CodingHighway     Archive     Books     Resume     About

Playing with strings in Hackerrank - The Reverse Shuffle Merge problem

How I tackled a tough challenge on Hackerrank


Hackerrank is a great resource for CS students and enthusiasts to keep their coding and algorithmic skills on top. It literally has thousands of problems on different CS fields, ranked by how hard they are (although sometimes not very accurately). There's just a small annoying problem though: some of the most fun and hardest exercises have terrible editorials. Problem editorials are supposed to explain the solution, but in the case of hackerrank, more often than not, editorials consist of 2 or 3 paragraphs of poor quality English with a very rough and high-level view of the solution, leaving out extremely important details. In fact, the high-level view is not that hard to grasp - the magic is how to do it efficiently. As if that wasn't enough, the author seems to think that anyone can understand his sloppy, unmaintainable, messy and obnoxious code without spending at least 2+ hours trying to figure out What The Hell Is This. As such, the reader is usually told to "refer to the code for further details". Yeah, right. Good luck with that.

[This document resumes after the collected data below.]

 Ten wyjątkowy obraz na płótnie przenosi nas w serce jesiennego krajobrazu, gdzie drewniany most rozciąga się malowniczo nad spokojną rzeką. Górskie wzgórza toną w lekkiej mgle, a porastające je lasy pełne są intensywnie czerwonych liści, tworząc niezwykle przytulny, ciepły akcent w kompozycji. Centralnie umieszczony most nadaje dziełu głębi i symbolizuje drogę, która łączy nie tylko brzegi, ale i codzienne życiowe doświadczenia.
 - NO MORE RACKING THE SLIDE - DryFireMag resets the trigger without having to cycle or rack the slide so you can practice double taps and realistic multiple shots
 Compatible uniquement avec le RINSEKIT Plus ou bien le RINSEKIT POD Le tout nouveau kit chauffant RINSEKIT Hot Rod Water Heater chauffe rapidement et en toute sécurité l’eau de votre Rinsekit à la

In fact, this is what bugs me about competitive programming: it encourages bad practice and bad code. Not in the sense of inefficient code, more like unreadable code. And the problem is that it's code that will be used once, and so whoever keeps writing it is never going to experience the consequences and the nightmare of maintaining it. This is why I think competitive programming per se, without any other side projects, may be harmful. You basically write throw-away code.

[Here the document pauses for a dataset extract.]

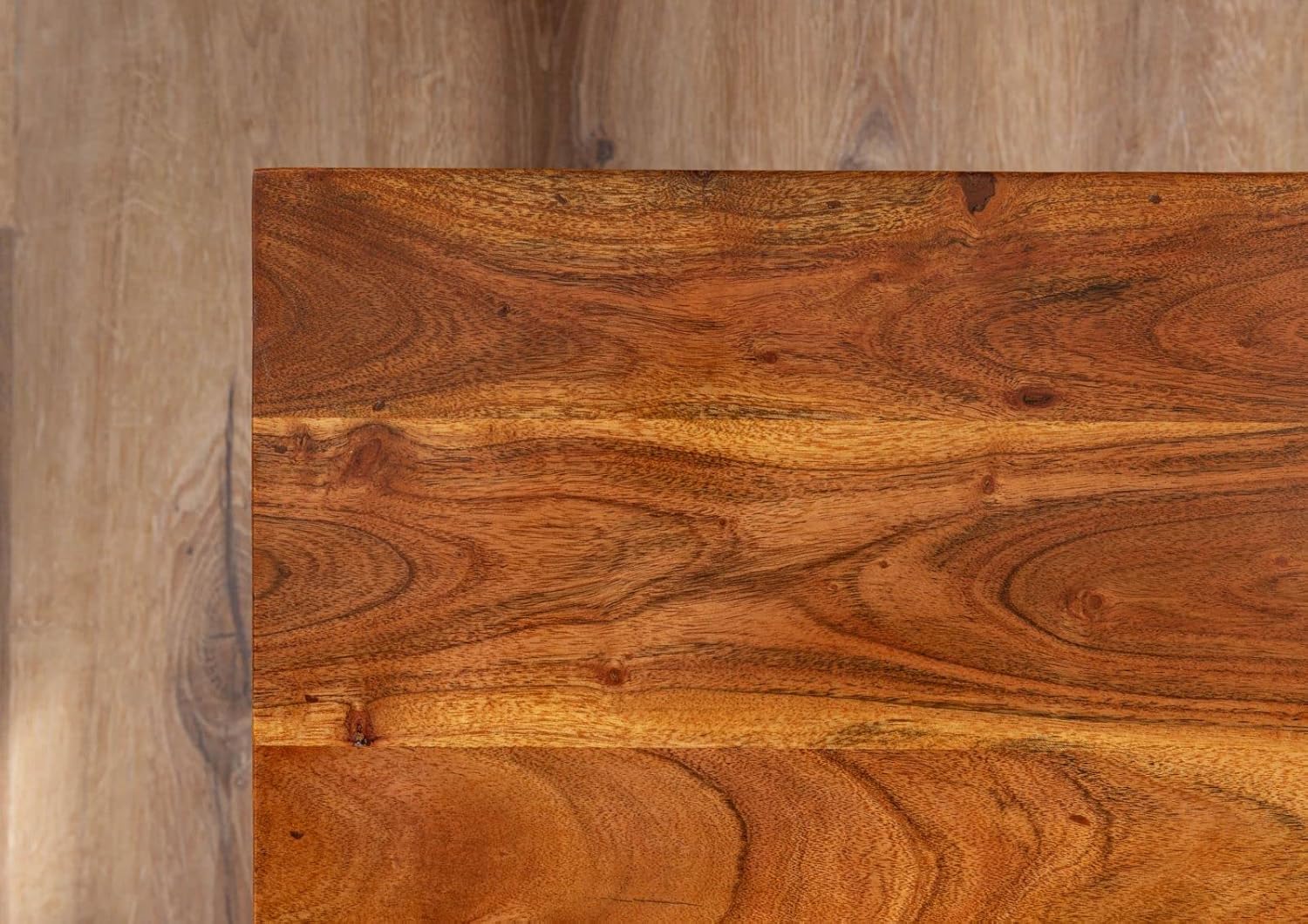 • lackiertes Akazienholz: veredeltes Massivholz im Farbton honig

Anyway, getting back on track: I was doing some practice and found the Reverse Shuffle Merge problem:

Given a string S, we define some operations on the string as follows:

a. reverse(S) denotes the string obtained by reversing the string S. Eg: reverse("abc") = "cba"

b. shuffle(S) denotes any string that's a permutation of the string S. Eg: shuffle("god") ∈ {'god', 'gdo', 'ogd', 'odg', 'dgo', 'dog'}

c. merge(S1,S2) denotes any string that's obtained by interspersing the two strings S1 and S2, maintaining the order of characters in S1 and S2. Eg: S1 = "abc" & S2 = "def", one possible result of merge(S1,S2) could be "abcdef", another could be "abdecf", another could be "adbecf", and so on.

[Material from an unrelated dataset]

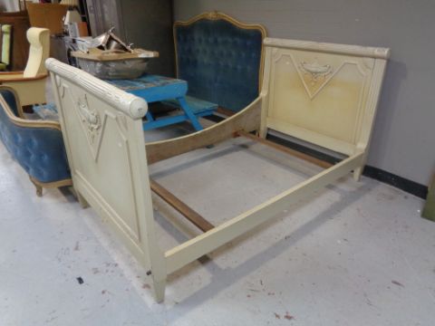 A 3'6" white painted antique French bed frame
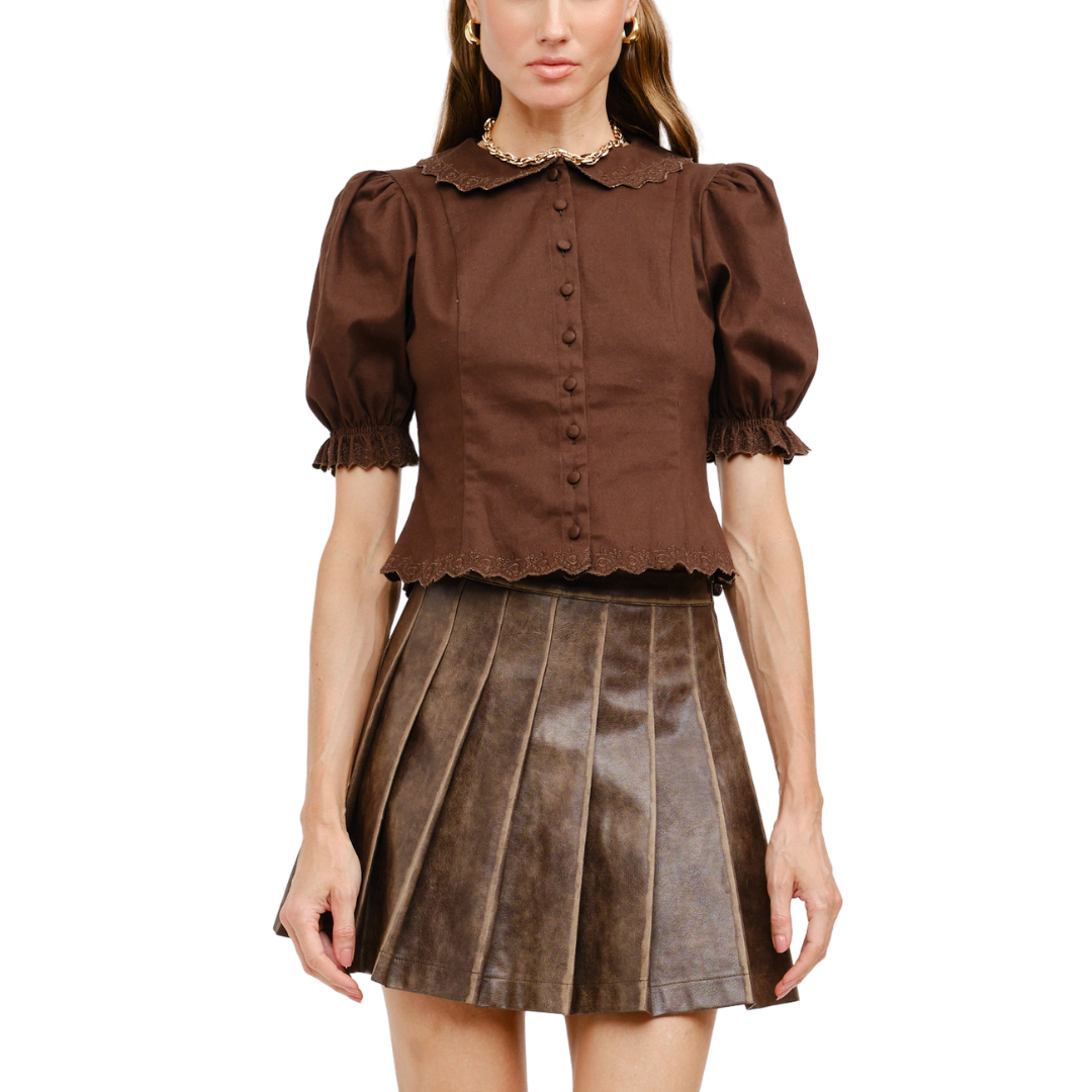 Puff sleeve brown top

Given a string S, find the lexicographically smallest string A such that S ∈ merge(reverse(A), shuffle(A)).

Input format A single line containing the string S

Output format A string which is the lexicographically smallest valid A

Constraints: S contains only lowercase English alphabets. The length of string S is <= 10000

It's an interesting problem, and unlike many other problems, even a brute force solution doesn't immediately come to mind.

Sadly, for the reasons mentioned above, the editorial is not very helpful. I decided it may be beneficial for others to write about my solution here, hopefully making it easier to understand than the editorial.

Let's start off by trying to find relations between S and A. So, we are merging reverse(A) with shuffle(A). reverse(A) is in fact a specific permutation of shuffle(A), so we are essentially interspersing two permutations of the same string (while keeping the relative order of the characters in each permutation). Or, in other words, given A, to get S, we reverse A, then we shuffle another copy of A - call it A' - and place each character c of A' in some spot of reverse(A) after the position where we inserted the last character. This means that:

  • If \(n\) is the length of \(S\), then \(n\) is even, and \(A\) has size \(\frac{n}{2}\)
  • If \(S\) has \(i\) copies of character \(c\), then \(i\) is even, and there are exactly \(\frac{i}{2}\) copies of \(c\) in \(A\)
  • reverse(A) is a subsequence of \(S\)
  • consequently, \(A\) is a subsequence of reverse(S)

Suppose \(c_i\) is the number of occurrences of character \(c\) in \(S\). Then, we're looking for a string \(A\) that contains every character \(c\) seen in \(S\) exactly \(\frac{c_i}{2}\) times and is the lexicographically smallest subsequence of reverse(S) matching these requirements.

A brute force approach is to build the lexicographically smallest string \(T\) that obeys the character distribution requirements, and keep generating the next permutation of that string until it is a subsequence of reverse(S).

Building the smallest string can be done in \(\mathcal{O}(n)\) by using a character frequency table \(t\) where \(t[i]\) holds the number of occurrences of character \(i\) in \(S\). We would then iterate through \(t\), and for a character \(j\), write \(j\) \(t[j]/2\) times into the string.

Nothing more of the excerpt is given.